What the exercise asks:
Copy word for word, please, the lines of the entries below running from the one containing "國家藥監(jiān)局關于恢" to the one containing "Porte bouteilles rotin et scoubidou.", both ends included.
(Beginning of Exercise data)
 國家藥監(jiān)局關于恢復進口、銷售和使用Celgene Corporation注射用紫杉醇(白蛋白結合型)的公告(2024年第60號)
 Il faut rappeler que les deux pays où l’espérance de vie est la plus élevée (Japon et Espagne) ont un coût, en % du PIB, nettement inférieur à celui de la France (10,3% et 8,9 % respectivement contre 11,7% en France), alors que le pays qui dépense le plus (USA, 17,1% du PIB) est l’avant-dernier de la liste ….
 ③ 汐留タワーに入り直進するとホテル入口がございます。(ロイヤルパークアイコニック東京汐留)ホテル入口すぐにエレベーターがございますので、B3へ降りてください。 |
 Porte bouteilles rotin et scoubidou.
(End of Exercise data)
(Beginning of Exercise data)
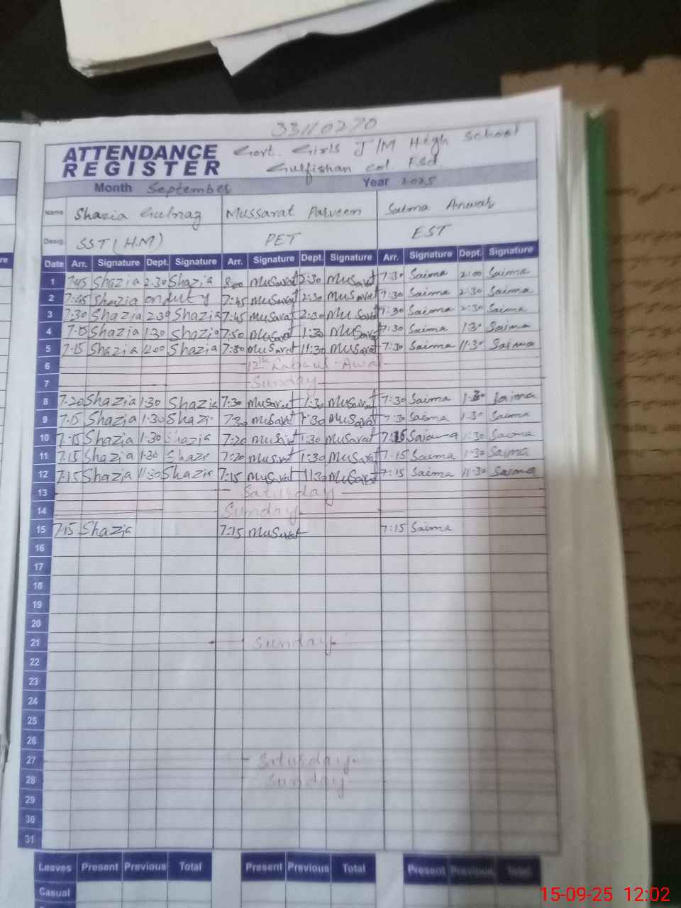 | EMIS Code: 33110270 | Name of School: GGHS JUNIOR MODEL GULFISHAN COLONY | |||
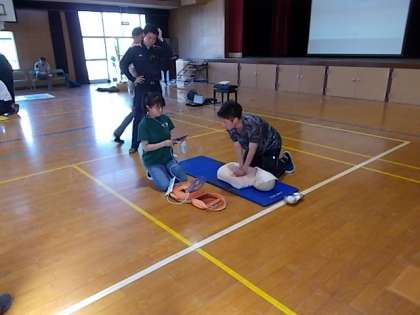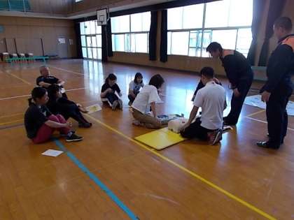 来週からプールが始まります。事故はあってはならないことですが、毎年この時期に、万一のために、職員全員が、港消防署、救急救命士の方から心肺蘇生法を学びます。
(End of Exercise data)
(Beginning of Exercise data)
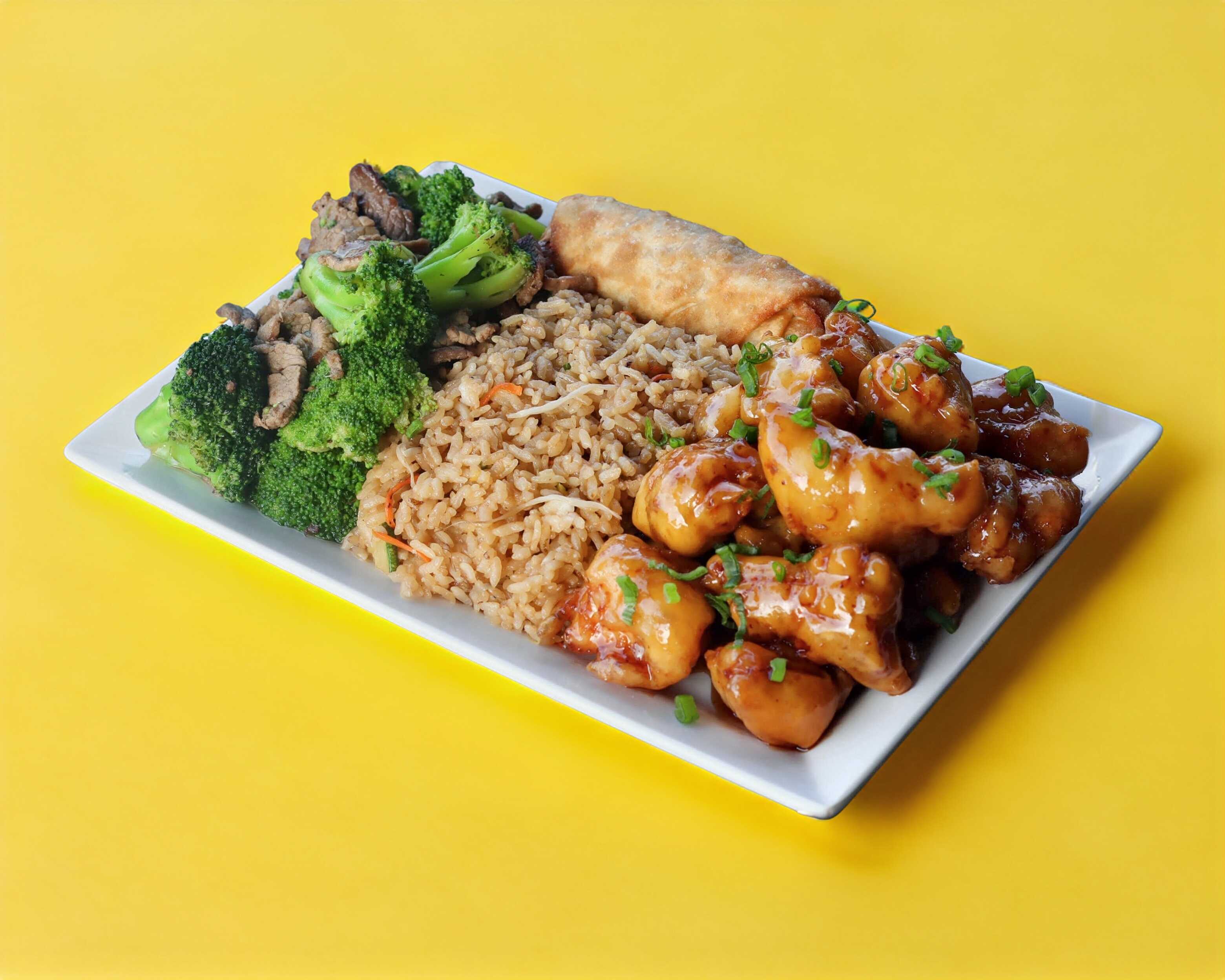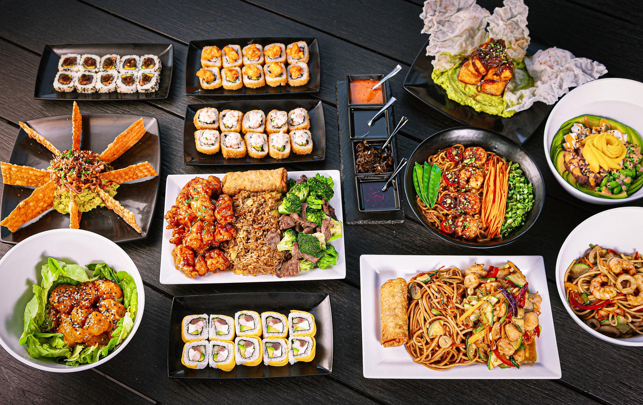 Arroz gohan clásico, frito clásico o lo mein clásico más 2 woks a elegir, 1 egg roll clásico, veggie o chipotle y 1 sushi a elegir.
(End of Exercise data)
Written answer:
 國家藥監(jiān)局關于恢復進口、銷售和使用Celgene Corporation注射用紫杉醇(白蛋白結合型)的公告(2024年第60號)
 Il faut rappeler que les deux pays où l’espérance de vie est la plus élevée (Japon et Espagne) ont un coût, en % du PIB, nettement inférieur à celui de la France (10,3% et 8,9 % respectivement contre 11,7% en France), alors que le pays qui dépense le plus (USA, 17,1% du PIB) est l’avant-dernier de la liste ….
 ③ 汐留タワーに入り直進するとホテル入口がございます。(ロイヤルパークアイコニック東京汐留)ホテル入口すぐにエレベーターがございますので、B3へ降りてください。 |
 Porte bouteilles rotin et scoubidou.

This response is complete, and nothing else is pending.